#### [WHAT YOU HAVE TO DO]
Starting with the line that includes "嘘寒问暖不如打比巨款,进阶修", write out every remaining line of the records below exactly as it appears, leaving out any images.

◇ ◇ ◇ ◇ ◇

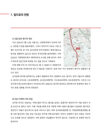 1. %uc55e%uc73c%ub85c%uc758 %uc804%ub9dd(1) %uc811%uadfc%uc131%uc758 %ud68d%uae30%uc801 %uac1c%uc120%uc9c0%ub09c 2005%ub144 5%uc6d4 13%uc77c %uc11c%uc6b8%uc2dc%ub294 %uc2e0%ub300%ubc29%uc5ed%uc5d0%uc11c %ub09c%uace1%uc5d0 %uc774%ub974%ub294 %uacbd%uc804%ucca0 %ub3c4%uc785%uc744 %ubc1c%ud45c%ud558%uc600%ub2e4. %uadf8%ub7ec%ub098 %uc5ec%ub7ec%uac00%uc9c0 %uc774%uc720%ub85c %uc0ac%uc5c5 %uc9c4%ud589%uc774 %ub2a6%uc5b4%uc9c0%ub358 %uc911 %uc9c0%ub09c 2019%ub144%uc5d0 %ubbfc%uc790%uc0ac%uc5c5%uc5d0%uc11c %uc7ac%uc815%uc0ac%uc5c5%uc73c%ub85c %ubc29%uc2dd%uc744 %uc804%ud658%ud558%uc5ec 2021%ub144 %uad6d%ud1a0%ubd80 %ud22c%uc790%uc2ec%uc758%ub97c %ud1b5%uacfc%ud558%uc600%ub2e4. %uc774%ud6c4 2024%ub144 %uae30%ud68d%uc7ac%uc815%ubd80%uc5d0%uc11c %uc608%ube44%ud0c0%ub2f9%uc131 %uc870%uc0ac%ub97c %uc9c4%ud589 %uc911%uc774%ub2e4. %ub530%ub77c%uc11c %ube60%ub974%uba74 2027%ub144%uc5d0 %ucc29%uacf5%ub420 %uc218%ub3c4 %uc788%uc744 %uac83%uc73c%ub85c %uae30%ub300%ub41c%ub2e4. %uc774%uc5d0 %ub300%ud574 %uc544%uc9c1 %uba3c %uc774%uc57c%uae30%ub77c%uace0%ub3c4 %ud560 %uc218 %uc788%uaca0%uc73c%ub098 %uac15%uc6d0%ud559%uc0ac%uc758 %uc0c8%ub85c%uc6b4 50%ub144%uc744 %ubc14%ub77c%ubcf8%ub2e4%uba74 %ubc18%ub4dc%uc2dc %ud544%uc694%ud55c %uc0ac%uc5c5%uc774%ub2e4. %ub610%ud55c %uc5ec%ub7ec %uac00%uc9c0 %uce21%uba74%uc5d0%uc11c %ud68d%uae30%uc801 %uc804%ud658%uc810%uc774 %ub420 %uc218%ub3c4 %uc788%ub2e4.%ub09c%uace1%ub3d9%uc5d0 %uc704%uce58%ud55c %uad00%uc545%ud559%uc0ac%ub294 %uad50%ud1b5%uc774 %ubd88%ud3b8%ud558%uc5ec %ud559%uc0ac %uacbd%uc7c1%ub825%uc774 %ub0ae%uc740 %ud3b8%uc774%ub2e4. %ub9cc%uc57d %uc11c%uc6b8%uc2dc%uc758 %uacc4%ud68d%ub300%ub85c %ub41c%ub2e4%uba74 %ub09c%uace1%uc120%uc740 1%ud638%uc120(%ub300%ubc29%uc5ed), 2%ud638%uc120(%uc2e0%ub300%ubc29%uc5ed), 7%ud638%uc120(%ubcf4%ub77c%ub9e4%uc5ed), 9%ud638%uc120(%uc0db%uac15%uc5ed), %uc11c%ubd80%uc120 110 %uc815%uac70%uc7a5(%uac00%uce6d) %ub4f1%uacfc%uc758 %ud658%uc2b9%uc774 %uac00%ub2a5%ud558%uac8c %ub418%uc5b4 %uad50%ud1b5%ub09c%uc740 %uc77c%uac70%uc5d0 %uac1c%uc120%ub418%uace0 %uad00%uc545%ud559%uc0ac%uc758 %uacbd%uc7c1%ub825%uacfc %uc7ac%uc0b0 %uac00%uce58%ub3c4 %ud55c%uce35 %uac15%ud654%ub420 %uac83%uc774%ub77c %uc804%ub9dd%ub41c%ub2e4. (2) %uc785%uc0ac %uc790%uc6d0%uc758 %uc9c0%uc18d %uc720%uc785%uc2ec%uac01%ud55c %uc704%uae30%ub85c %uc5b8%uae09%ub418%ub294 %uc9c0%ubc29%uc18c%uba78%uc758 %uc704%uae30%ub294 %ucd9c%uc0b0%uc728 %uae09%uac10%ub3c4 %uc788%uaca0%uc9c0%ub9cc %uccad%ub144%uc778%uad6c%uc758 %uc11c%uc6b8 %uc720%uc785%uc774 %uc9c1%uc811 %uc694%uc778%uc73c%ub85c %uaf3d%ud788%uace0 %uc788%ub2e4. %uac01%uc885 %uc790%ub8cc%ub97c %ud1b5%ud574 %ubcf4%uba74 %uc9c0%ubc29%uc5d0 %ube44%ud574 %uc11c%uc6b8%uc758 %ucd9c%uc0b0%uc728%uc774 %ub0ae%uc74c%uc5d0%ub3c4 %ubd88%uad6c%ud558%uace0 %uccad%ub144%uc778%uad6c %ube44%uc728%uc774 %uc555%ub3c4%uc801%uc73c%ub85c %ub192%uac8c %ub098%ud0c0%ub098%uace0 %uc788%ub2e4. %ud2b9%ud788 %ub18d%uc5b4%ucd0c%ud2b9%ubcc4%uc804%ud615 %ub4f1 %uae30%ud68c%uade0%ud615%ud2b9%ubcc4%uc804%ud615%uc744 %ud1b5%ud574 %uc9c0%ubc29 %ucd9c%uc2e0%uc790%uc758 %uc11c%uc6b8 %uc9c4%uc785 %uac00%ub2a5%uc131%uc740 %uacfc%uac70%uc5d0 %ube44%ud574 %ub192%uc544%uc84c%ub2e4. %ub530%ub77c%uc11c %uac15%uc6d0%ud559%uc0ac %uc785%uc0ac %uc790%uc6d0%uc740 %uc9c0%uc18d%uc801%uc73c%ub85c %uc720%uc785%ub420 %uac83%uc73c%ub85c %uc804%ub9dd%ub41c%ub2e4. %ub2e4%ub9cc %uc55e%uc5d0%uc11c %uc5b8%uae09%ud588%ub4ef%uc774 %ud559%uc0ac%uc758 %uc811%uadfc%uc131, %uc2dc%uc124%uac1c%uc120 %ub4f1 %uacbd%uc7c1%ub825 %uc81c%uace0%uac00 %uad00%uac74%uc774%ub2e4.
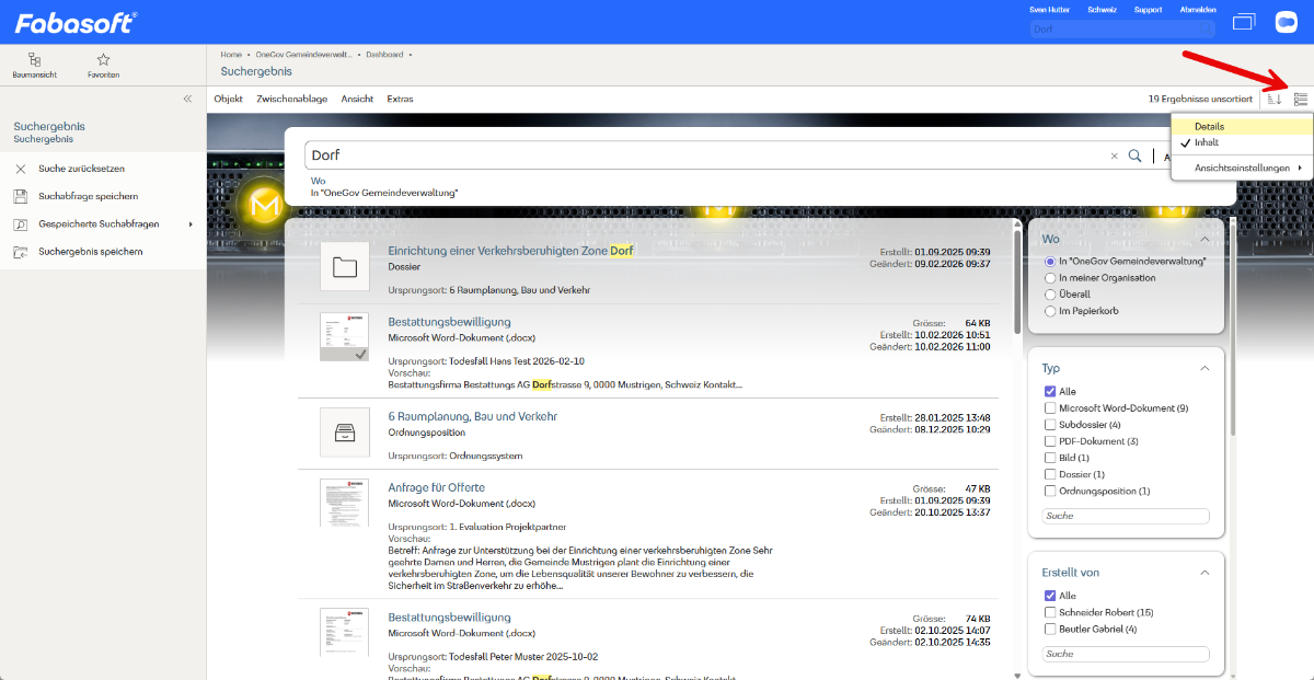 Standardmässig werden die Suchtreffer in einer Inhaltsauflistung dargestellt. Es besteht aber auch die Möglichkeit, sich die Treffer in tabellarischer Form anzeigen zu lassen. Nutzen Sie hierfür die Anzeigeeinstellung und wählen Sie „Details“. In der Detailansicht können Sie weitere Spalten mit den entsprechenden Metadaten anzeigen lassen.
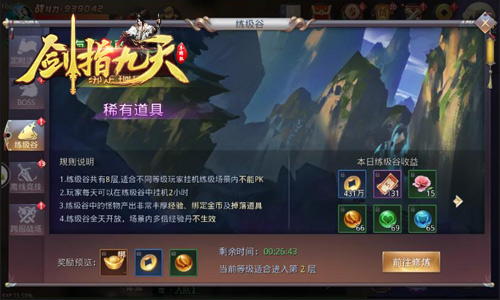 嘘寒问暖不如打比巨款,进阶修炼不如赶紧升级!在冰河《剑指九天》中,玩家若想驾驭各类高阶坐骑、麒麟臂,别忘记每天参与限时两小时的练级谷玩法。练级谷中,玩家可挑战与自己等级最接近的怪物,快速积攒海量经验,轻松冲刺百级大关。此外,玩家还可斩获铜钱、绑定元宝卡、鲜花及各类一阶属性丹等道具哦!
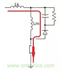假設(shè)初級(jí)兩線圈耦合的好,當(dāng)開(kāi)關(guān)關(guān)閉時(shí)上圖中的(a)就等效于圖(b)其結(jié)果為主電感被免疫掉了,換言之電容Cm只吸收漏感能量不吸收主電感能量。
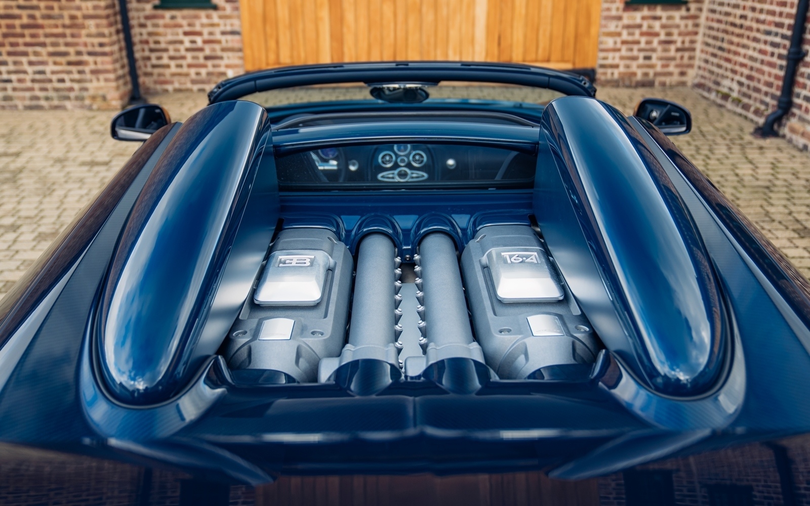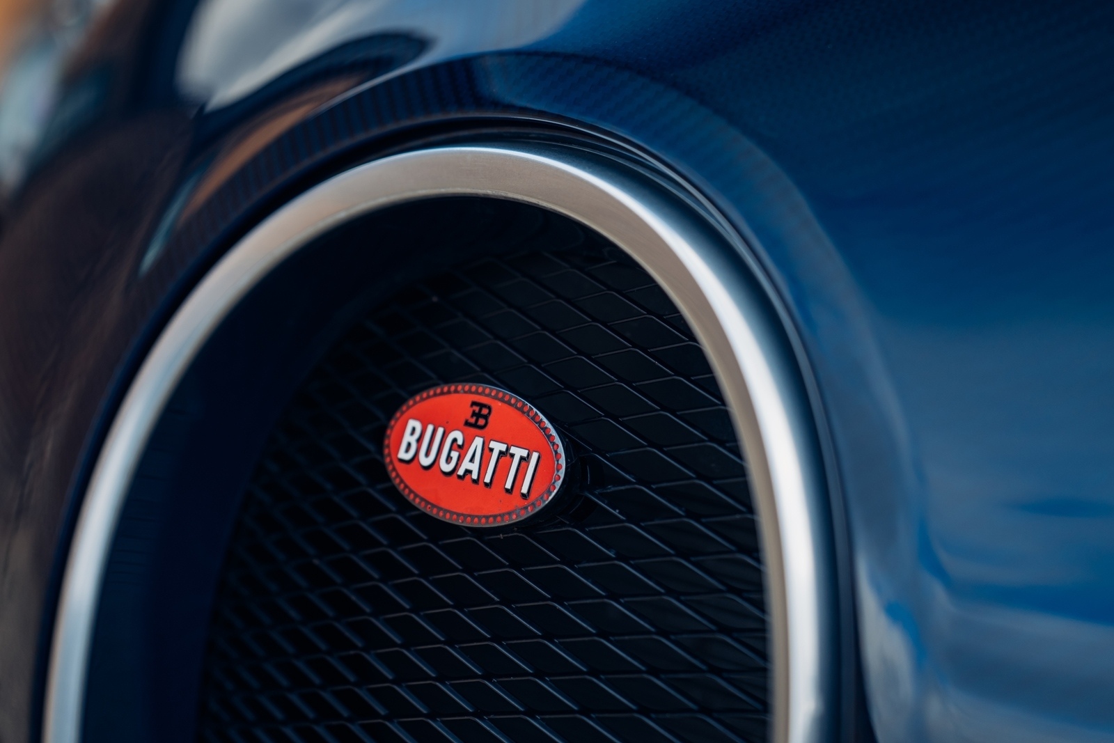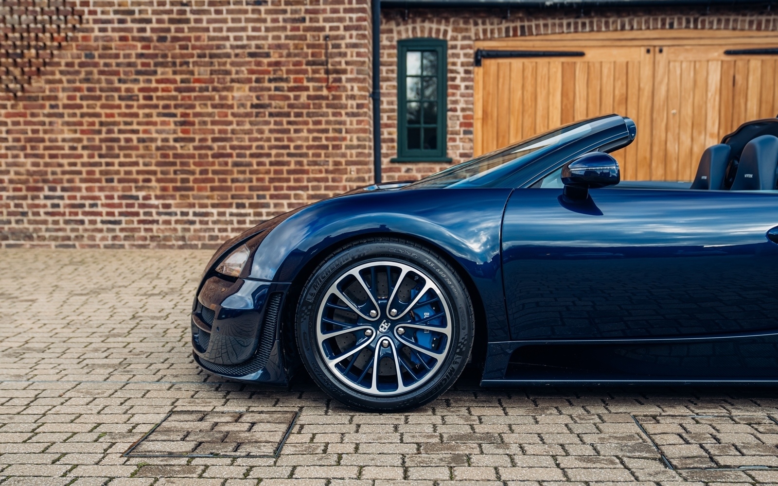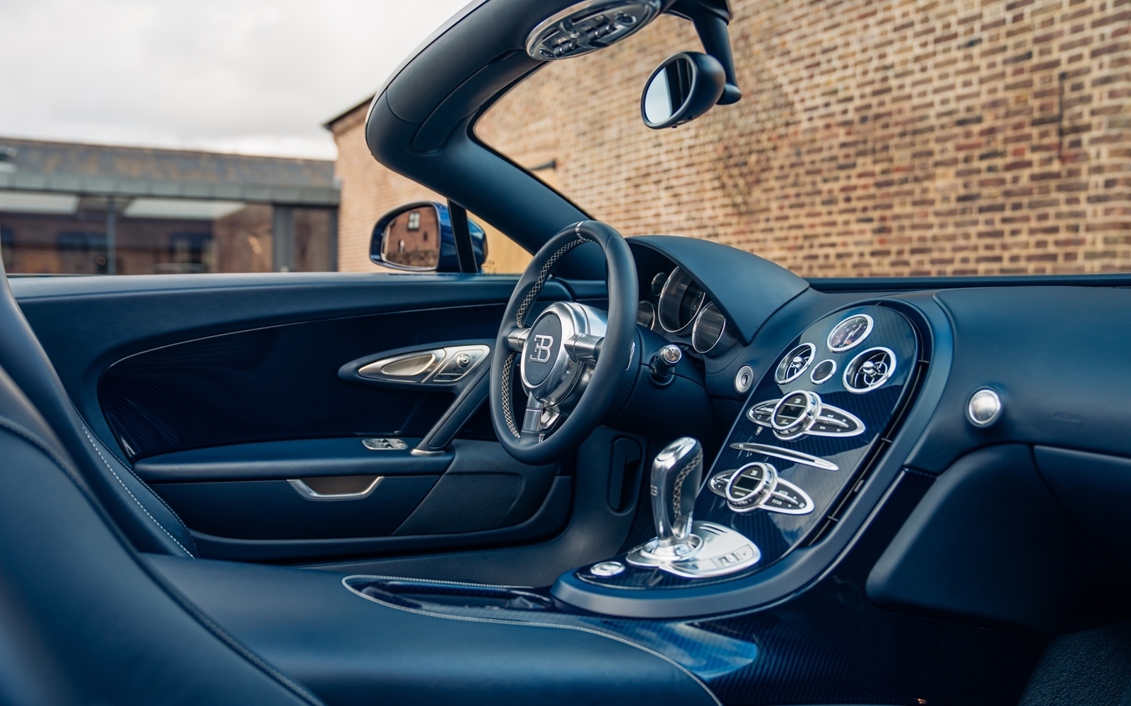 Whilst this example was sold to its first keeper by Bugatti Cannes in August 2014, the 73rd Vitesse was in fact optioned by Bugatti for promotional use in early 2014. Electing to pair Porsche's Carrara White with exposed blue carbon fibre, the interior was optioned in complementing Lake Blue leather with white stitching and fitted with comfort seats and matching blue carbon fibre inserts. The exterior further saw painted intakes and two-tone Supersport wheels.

◇ ◇ ◇ ◇ ◇

#### [EXERCISE SOLUTION]
 嘘寒问暖不如打比巨款,进阶修炼不如赶紧升级!在冰河《剑指九天》中,玩家若想驾驭各类高阶坐骑、麒麟臂,别忘记每天参与限时两小时的练级谷玩法。练级谷中,玩家可挑战与自己等级最接近的怪物,快速积攒海量经验,轻松冲刺百级大关。此外,玩家还可斩获铜钱、绑定元宝卡、鲜花及各类一阶属性丹等道具哦!
假設(shè)初級(jí)兩線圈耦合的好,當(dāng)開(kāi)關(guān)關(guān)閉時(shí)上圖中的(a)就等效于圖(b)其結(jié)果為主電感被免疫掉了,換言之電容Cm只吸收漏感能量不吸收主電感能量。
 Whilst this example was sold to its first keeper by Bugatti Cannes in August 2014, the 73rd Vitesse was in fact optioned by Bugatti for promotional use in early 2014. Electing to pair Porsche's Carrara White with exposed blue carbon fibre, the interior was optioned in complementing Lake Blue leather with white stitching and fitted with comfort seats and matching blue carbon fibre inserts. The exterior further saw painted intakes and two-tone Supersport wheels.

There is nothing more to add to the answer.